Akun tersebut juga mengunggah video yang memperdengarkan seorang pria memaki-maki perempuan yang disebut merupakan salah satu nakes di RSI. Pria tersebut pun diungkap identitasnya sebagai dosen Fakultas Hukum Unissula.
"Mengumpat menggunakan kata2 yg tidak patut disampaikan oleh seorang Dosen Fakultas Hukum Unissula spt "bajin%Β©n" dan "a$ $u" .. bahkan saking tidak dapat mengontrol emosinya, dia bahkan teriak akan membakar rumah sakit Sultan Agung yg kita sayangi," tulis akun tersebut.
Dalam satu unggahan diperlihatkan, pintu ruang bersalin bahkan ditendang hingga rusak. Insiden tersebut diduga terjadi lantaran pria terduga pelaku ngotot meminta istri pasien diberikan anestesi penuh agar tidak merasakan sakit.
"Pintu tidak bergerak saja menjadi korban, apalagi dokter yang menjelaskan pada sang arogan," tulisnya lagi.
Kasus ini pun mendapat perhatian dari Ikatan Dokter Indonesia (IDI) Jateng. Ketua IDI Jateng, dr. Telogo Wismo, menyampaikan keprihatinannya dan menegaskan siap mendampingi tenaga medis jika kasus ini berlanjut ke ranah hukum.
"Pemukulan, penganiayaan, atau ancaman pada profesi dokter yang sedang melaksanakan tugas itu kan semakin banyak muncul.

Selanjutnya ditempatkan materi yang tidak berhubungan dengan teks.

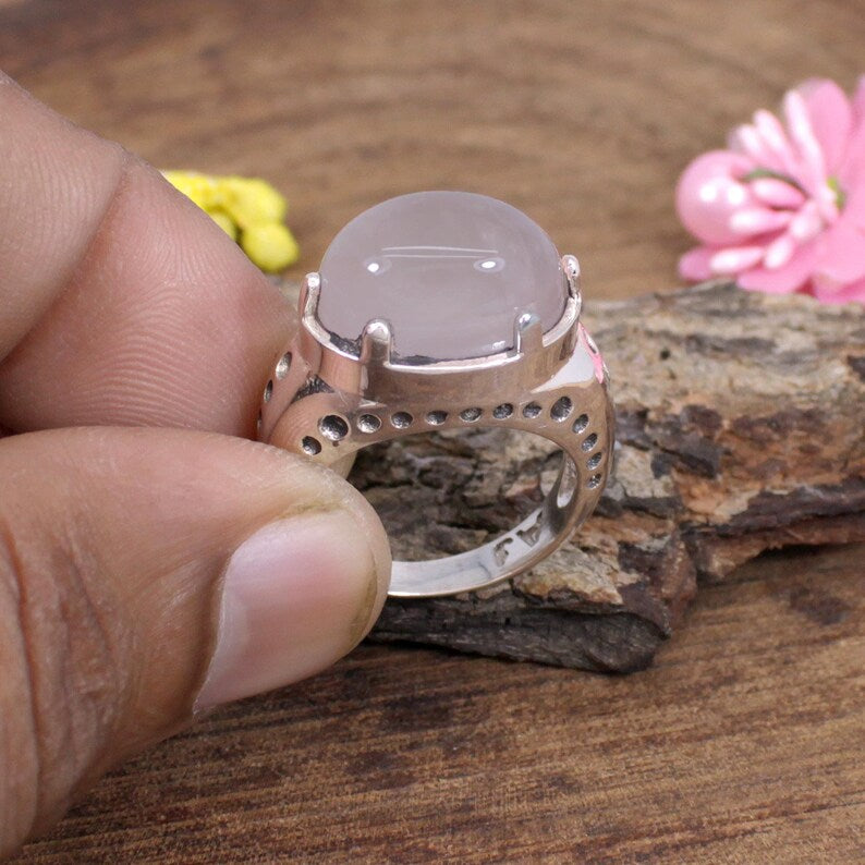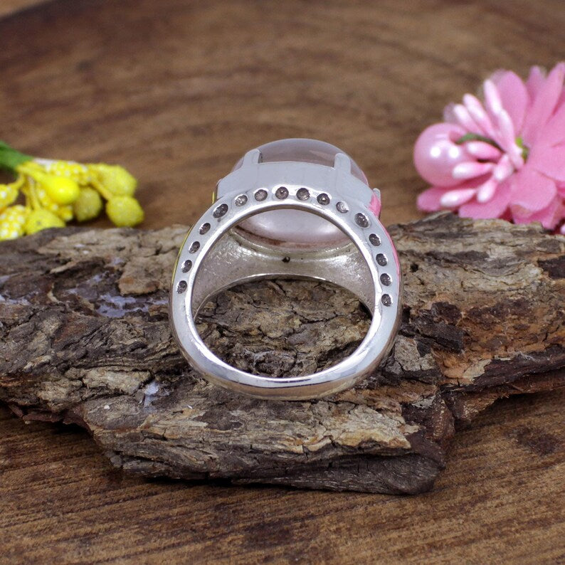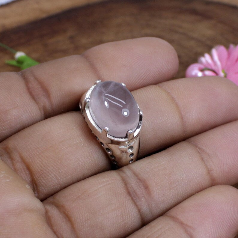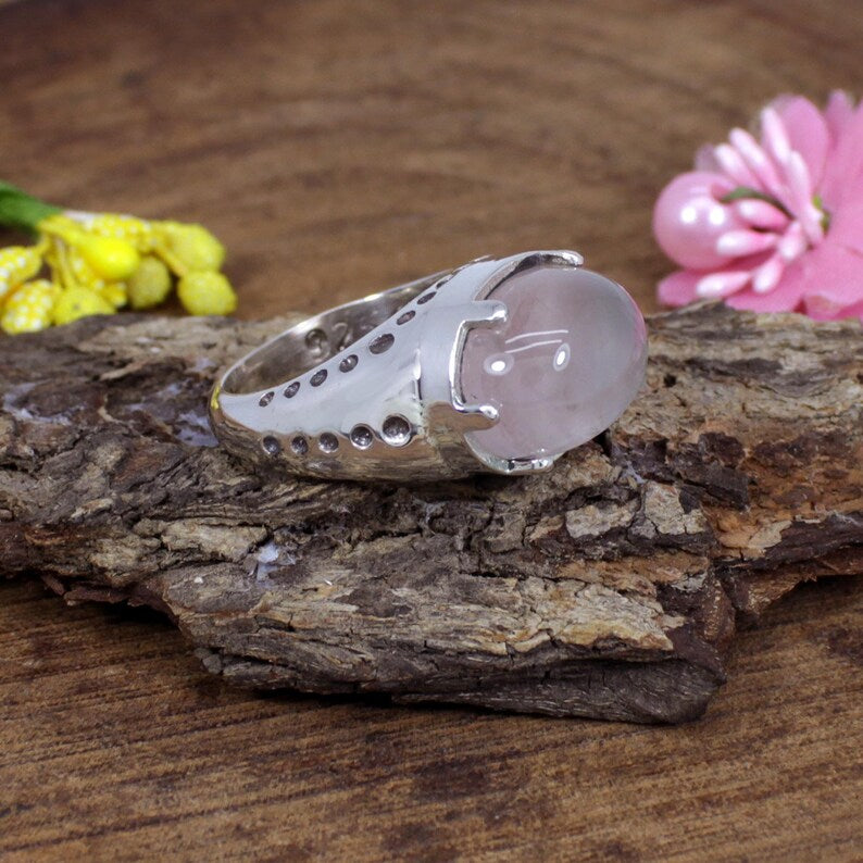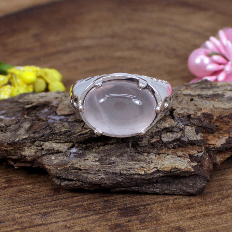 Rose Quartz Gemstone Sterling Silver Ring
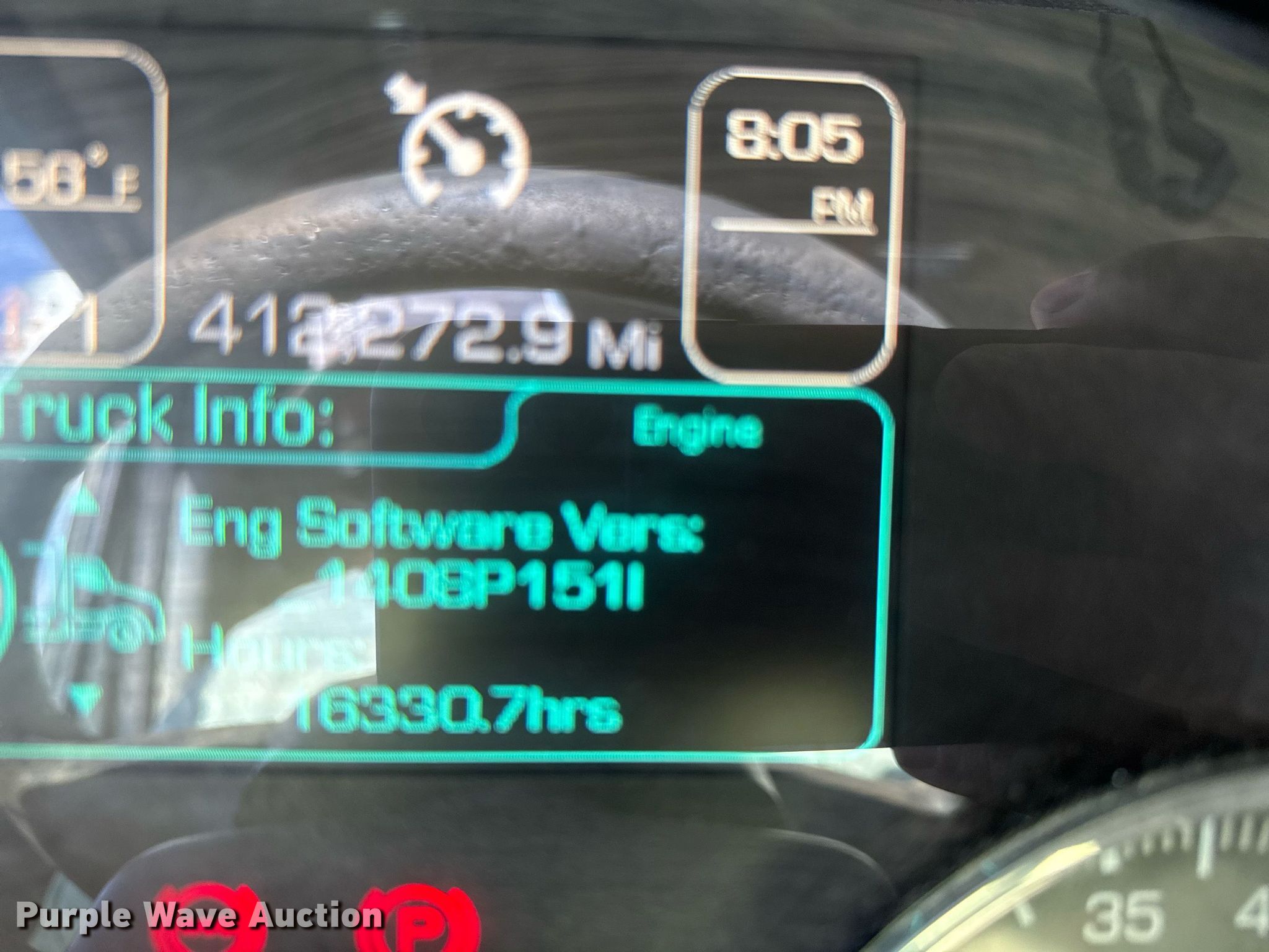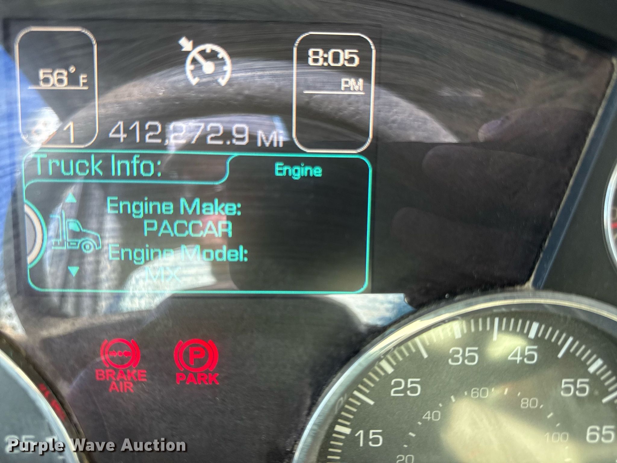 2014 Kenworth T680 semi truck. Miles: 412,273 on odometer, Hours: 16,331 on meter, VIN: 1XKYDP9X6EJ409559. Engine Paccar MX-13, Serial: Y042229, Displacement: 12.9L, Cylinders: 6, Fuel type: Diesel, Engine brake. Transmission Eaton Fuller, Manual, Speed: 13. Chassis Axles: Tandem, Gear ratio: 3.36, Differential lock: Inter-axle, Suspension: Air Dump valves, Brakes: Air, PTO, Wet kit, GVWR: 50,000 lbs FAWR: 12,000 lbs, IAWR: 19,000 lbs, RAWR: 19,000 lbs. Interior AC, Heat, Power windows, Power locks, Cruise control, Air ride cab. Features Deck plate: Aluminum, Fifth wheel type: Air operated, Sliding, Fuel tank: Dual. Tires Size: 11R24.5. Kansas title. Title distribution may be delayed up to 14 days from verification of funds. Shilling Construction, Inc. Manhattan, KS 66502
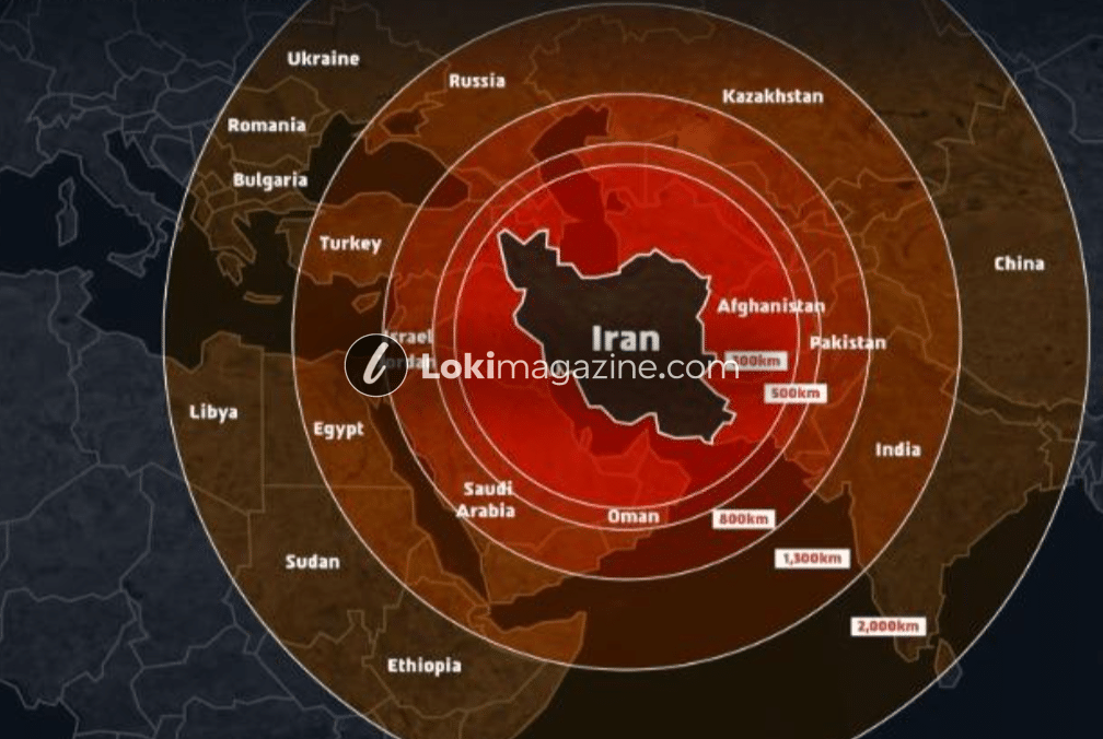 Në qendër të hartës ndodhet Irani, ndërsa përreth tij shfaqen disa rrethe që tregojnë distancat që raketat iraniane mund të përshkojnë: nga 300 km deri në 2,000 km.
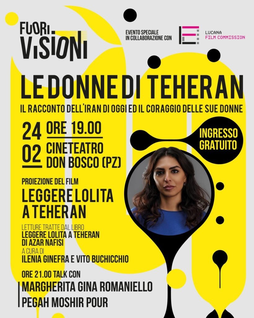 Il 24 febbraio 2025, presso il cineteatro Don Bosco di Potenza, alle ore 19, il festival del cinema Visioni Verticali presenta, nell’ambito di Fuori Visioni, in collaborazione con la Lucana Film Commission, il film Leggere Lolita a Teheran di Eran Riklis. Ad inaugurare la serata saranno le letture dal romanzo di Azar Nafisi a cura degli attori Ilenia Ginefra e Vito Buchicchio. Dopo la proiezione l’attivista iraniana Pegah Moshir Pour e Margherita Gina Romaniello, Presidente della Lucana Film Commission, converseranno sull’Iran e il coraggio delle donne, tra l’eredità del passato e le nuove generazioni.
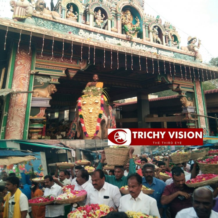 அதன்படி இன்று காலை விக்னேஷ்வரா பூஜை மற்றும் காப்புக்கட்டுதலுடன் பூச்செரிதல் விழா கோலாகலமாக துவங்கியது. கோவில்நிர்வாகத்தின் சார்பில் சமயபுரம் கோவில் இணை ஆணையர் கல்யாணி தலைமையில் நிர்வாகத்தினர், கிராமமக்கள் உள்ளிட்டோர் யானை மீதும், அவரவர் தலையில் பூந்தட்டுகளை சுமந்து  கோயில் நான்கு மாட வீதியில் வலம் வந்து ஆலயத்தை வந்தடைந்து.
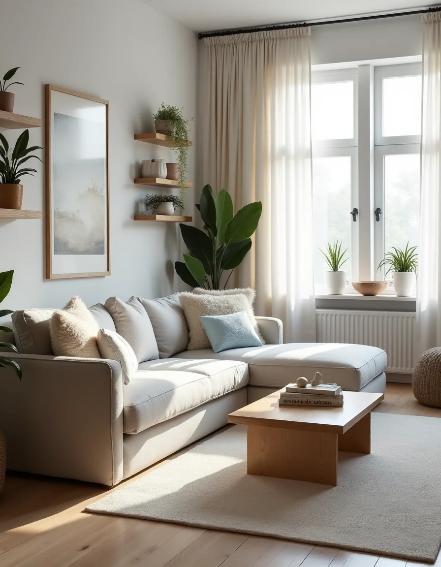 The living room features a harmonious blend of Scandinavian design principles, showcasing pale tones of whites, grays, and soft blues throughout the space. A plush, light gray sectional sofa sits against one wall, adorned with fluffy cream and muted pastel throw pillows, creating an inviting focal point. Across from it, a sleek, light oak coffee table with rounded edges rests atop a soft, textured area rug in off-white that buffers the floor's cool wooden planks. Surrounding the room are minimalist shelves filled with indoor plants in ceramic pots, artisanal home decor pieces, and a softly glowing abstract wall art that enhances the tranquility of the atmosphere. The finishing touch is a pair of large windows draped in sheer, white linen curtains that gently diffuse natural light, making the space feel airy and welcoming.

Termasuk di RSUD Sekayu, Surabaya, dan sekarang di Semarang. Kami sangat-sangat prihatin," kata Telogo saat dihubungi detikJateng.
Ia menyayangkan masih adanya kasus tenaga medis mendapat perlakuan kasar saat menjalankan tugas. Menurutnya, masyarakat seharusnya bisa menahan diri karena datang ke rumah sakit sejatinya untuk meminta pertolongan.
"Kenapa kok yang dimintai tolong malah dianiaya? Pemahaman antara hak dan kewajiban mungkin belum bisa dipahami secara luas," ujarnya.